- Work request: Everything in the entries is to be written out exactly, except for the pictures.

◆ ◆ ◆ ◆ ◆ ◆ ◆

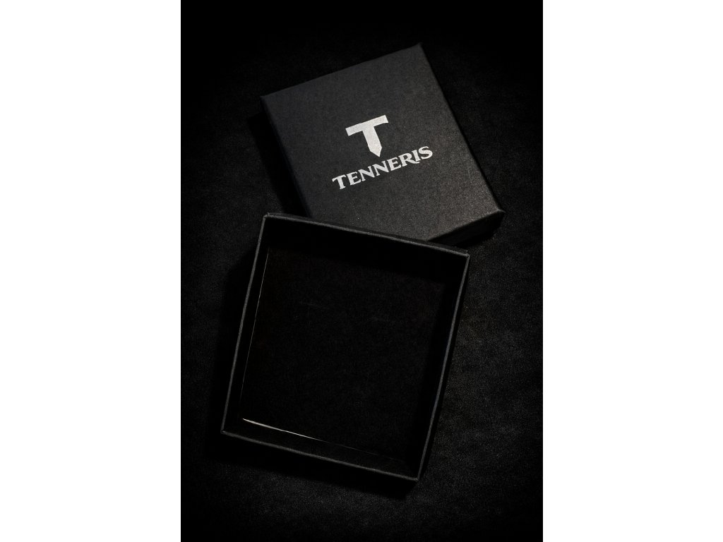 Krabička je vyrobena z kvalitního pevného materiálu s jemným matným povrchem a doplněna stříbrným logem značky TENNERIS. Vnitřní prostor poskytuje bezpečné uložení šperku a zároveň vytváří exkluzivní dojem při každém otevření.
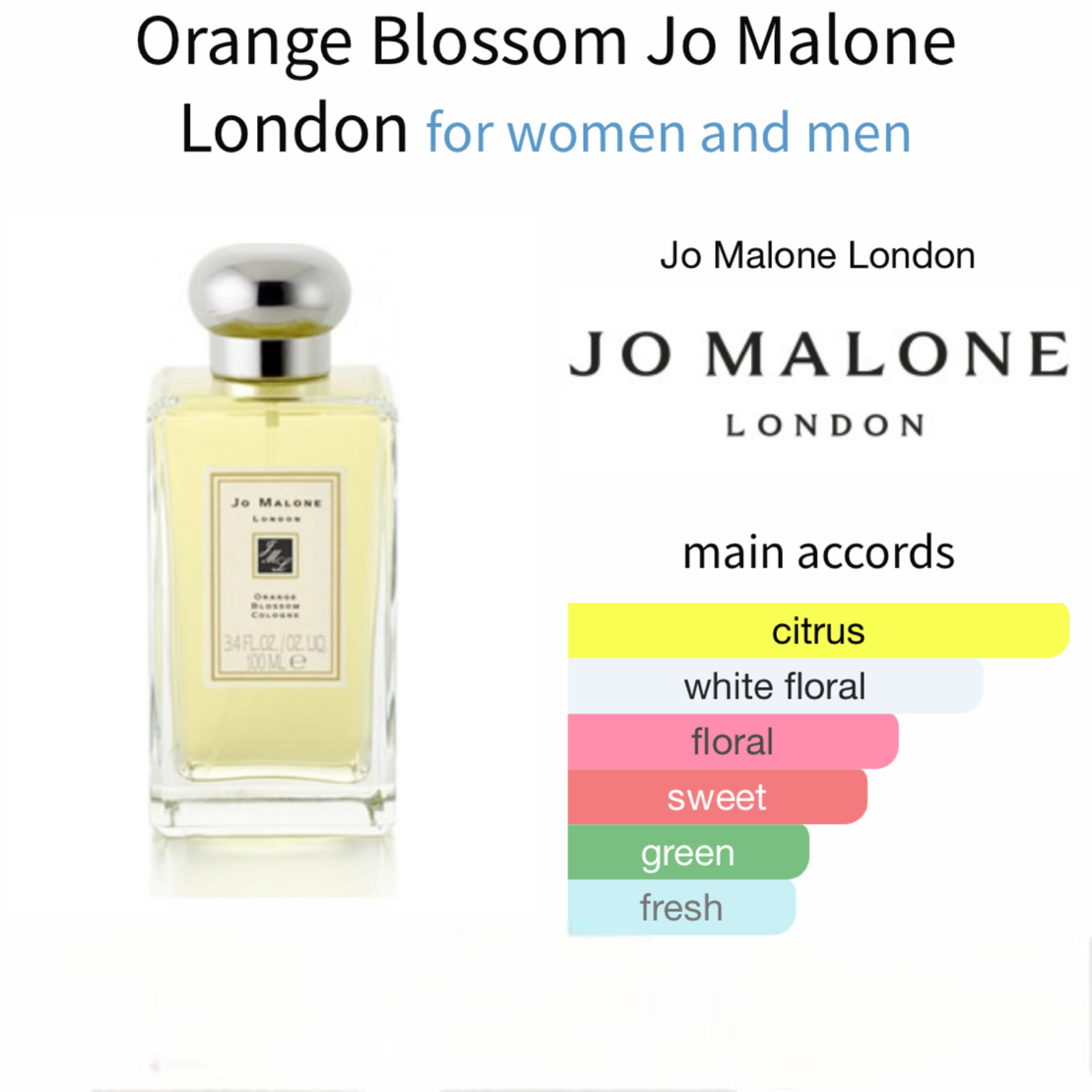 Orange Blossom by Jo Malone London is a Floral fragrance for women and men. Orange Blossom was launched in 2003. The nose behind this fragrance is Jean Claude Delville. Top note is Tangerine Blossom; middle notes are Orange Blossom, Lilac and Water Lily; base notes are iris and Vetiver.
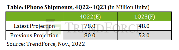 展望23年第一季度,这一时期的经济前景已经相当悲观。此外,冬季通常有利于COVID-19等疾病的传播。因此,中国有可能在未来以更频繁的速度实施零疫情封锁。这种情况将把这一政策的影响延伸到需求端,扰乱苹果当季的iPhone生产计划。中国国内需求约占iPhone总销量的20%。假设未来全球经济表现不是特别积极,中国正在实施的“动态零疫情政策”对供需双方的影响可能会导致iPhone季度出货量目标向下修正。目前,iPhone在23年第一季度的出货量预计将达到5200万部。不过,TrendForce不排除向下修正400 ~ 600万部的可能性。此外,23年第一季度iPhone出货量同比下降幅度可能进一步扩大至20%以上。
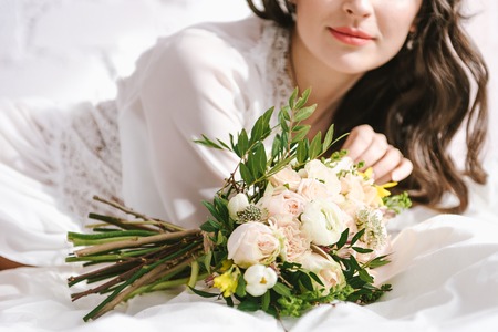 Portrait of a young charming bride in front of a wedding ceremony with a big beautiful bouquet in white lingerie. on a large bed. Close-up on a bouquet
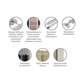 O Guarda Roupa Modulado Prime foi desenvolvido se adequando a vários espaços, de grandes a pequenos. Possui 236 cm de altura oferece divisórias para atender diversas necessidades, profundidade de 56cm possibilitando acomodar roupas sem amassar. Produzido em MDP de 15mm, dobradiças Slowmotin reforçadas em 35mm, corrediças telescópicas, a montagem é inteira por minifix que proporciona um acabamento impecável e fundos embutidos com perfil usinado para melhor acabamento e maior resistência.
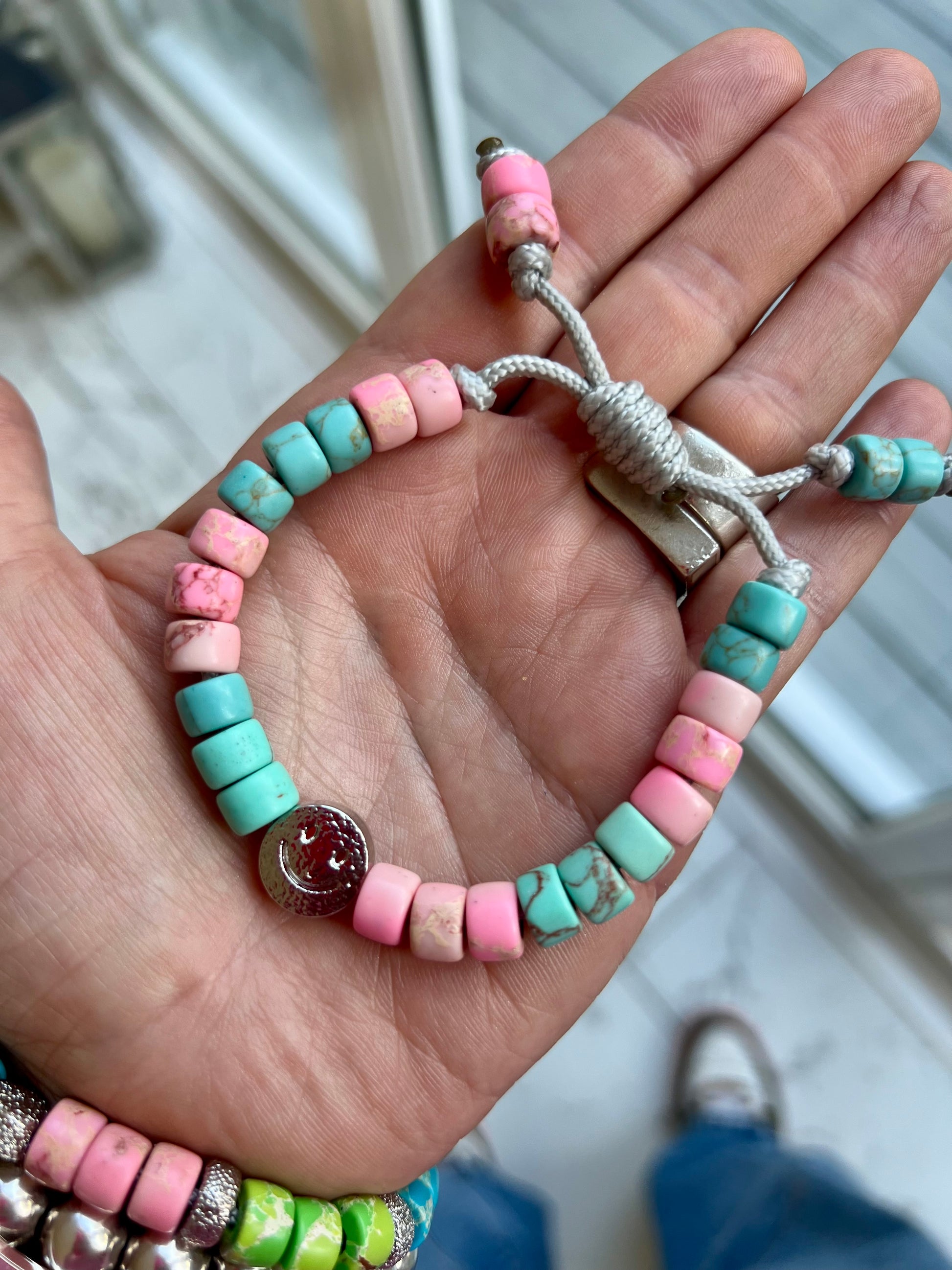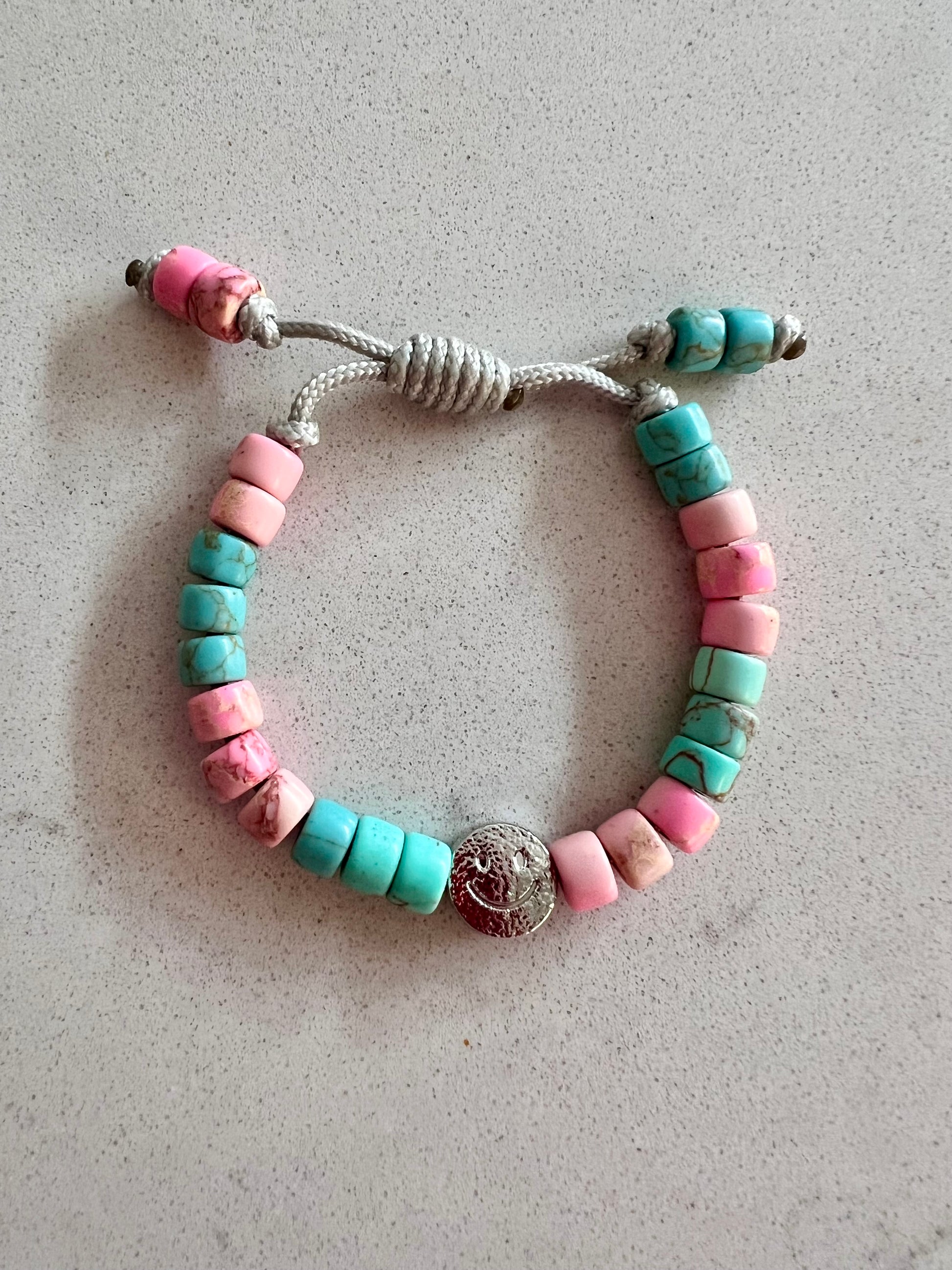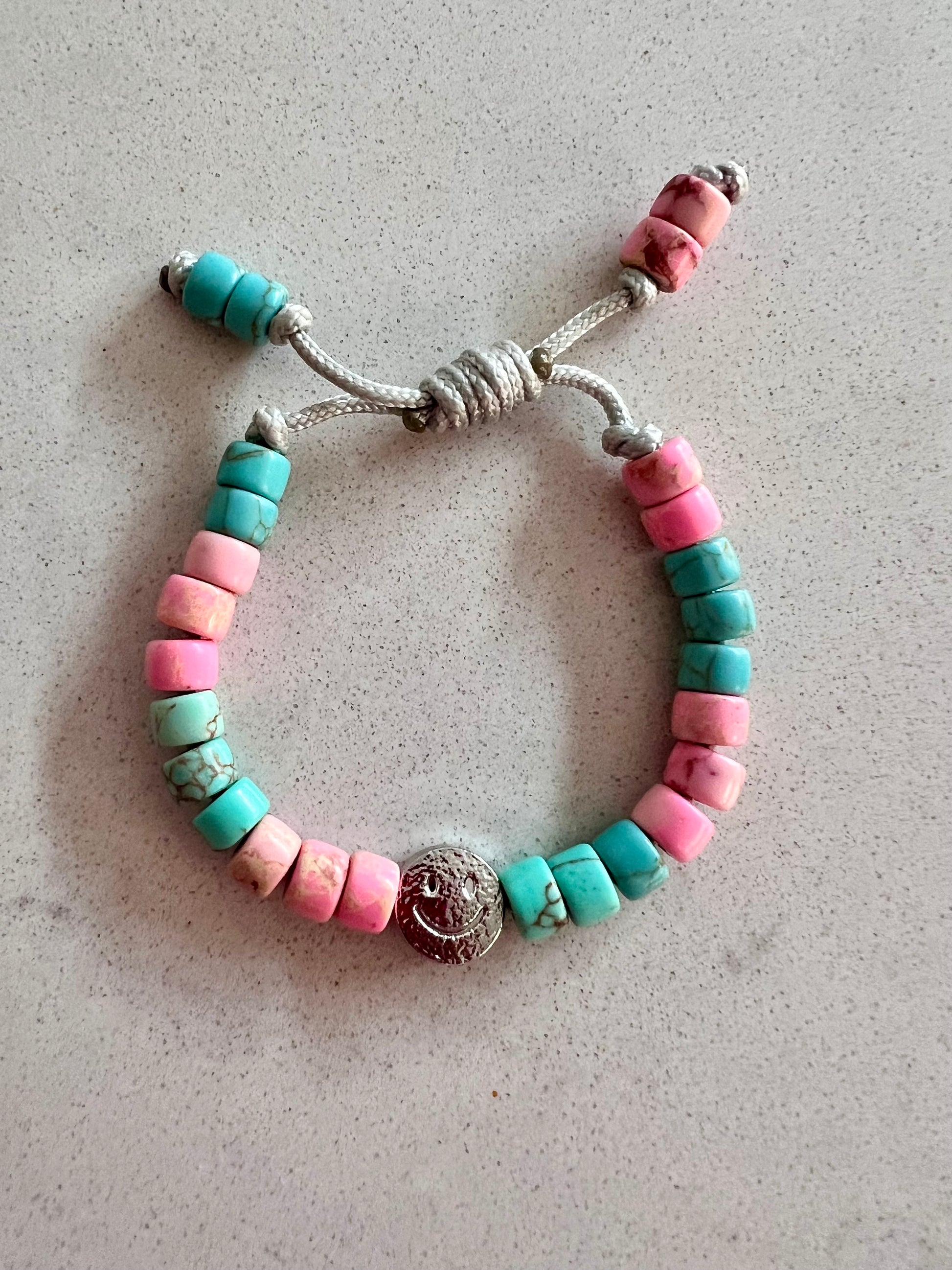 Made from Turquoise & Pink Imperial Jasper Gemstone Beads, with a Silver Textured Smiley Bead taking centre stage 💖
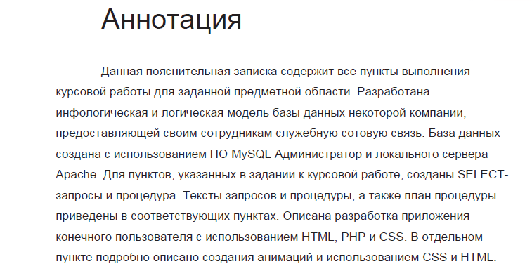 Вы можете использовать курсовую работу для примера, а также можете ссылаться на неё в своей работе. Авторство принадлежит автору работы, поэтому запрещено копировать текст из этой работы для любой публикации, в том числе в свою курсовую работу в учебном заведении, без правильно оформленной ссылки. Читайте как правильно публиковать ссылки в своей работе.
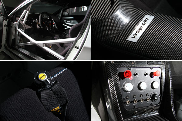 Vantage GT4純種賽車具備了完善的安全防護裝備,包括了賽車拖車勾、全車防滾籠與滅火裝置,行李廂中設有滅火器,當車輛起火時,除了可藉由車內開關開啟自動滅火外,還可就由前擋風玻璃下緣的拉柄操作。

◆ ◆ ◆ ◆ ◆ ◆ ◆

- Solution to this problem:
 Krabička je vyrobena z kvalitního pevného materiálu s jemným matným povrchem a doplněna stříbrným logem značky TENNERIS. Vnitřní prostor poskytuje bezpečné uložení šperku a zároveň vytváří exkluzivní dojem při každém otevření.
 Orange Blossom by Jo Malone London is a Floral fragrance for women and men. Orange Blossom was launched in 2003. The nose behind this fragrance is Jean Claude Delville. Top note is Tangerine Blossom; middle notes are Orange Blossom, Lilac and Water Lily; base notes are iris and Vetiver.
 展望23年第一季度,这一时期的经济前景已经相当悲观。此外,冬季通常有利于COVID-19等疾病的传播。因此,中国有可能在未来以更频繁的速度实施零疫情封锁。这种情况将把这一政策的影响延伸到需求端,扰乱苹果当季的iPhone生产计划。中国国内需求约占iPhone总销量的20%。假设未来全球经济表现不是特别积极,中国正在实施的“动态零疫情政策”对供需双方的影响可能会导致iPhone季度出货量目标向下修正。目前,iPhone在23年第一季度的出货量预计将达到5200万部。不过,TrendForce不排除向下修正400 ~ 600万部的可能性。此外,23年第一季度iPhone出货量同比下降幅度可能进一步扩大至20%以上。
 Portrait of a young charming bride in front of a wedding ceremony with a big beautiful bouquet in white lingerie. on a large bed. Close-up on a bouquet
 O Guarda Roupa Modulado Prime foi desenvolvido se adequando a vários espaços, de grandes a pequenos. Possui 236 cm de altura oferece divisórias para atender diversas necessidades, profundidade de 56cm possibilitando acomodar roupas sem amassar. Produzido em MDP de 15mm, dobradiças Slowmotin reforçadas em 35mm, corrediças telescópicas, a montagem é inteira por minifix que proporciona um acabamento impecável e fundos embutidos com perfil usinado para melhor acabamento e maior resistência.
 Made from Turquoise & Pink Imperial Jasper Gemstone Beads, with a Silver Textured Smiley Bead taking centre stage 💖
 Вы можете использовать курсовую работу для примера, а также можете ссылаться на неё в своей работе. Авторство принадлежит автору работы, поэтому запрещено копировать текст из этой работы для любой публикации, в том числе в свою курсовую работу в учебном заведении, без правильно оформленной ссылки. Читайте как правильно публиковать ссылки в своей работе.
 Vantage GT4純種賽車具備了完善的安全防護裝備,包括了賽車拖車勾、全車防滾籠與滅火裝置,行李廂中設有滅火器,當車輛起火時,除了可藉由車內開關開啟自動滅火外,還可就由前擋風玻璃下緣的拉柄操作。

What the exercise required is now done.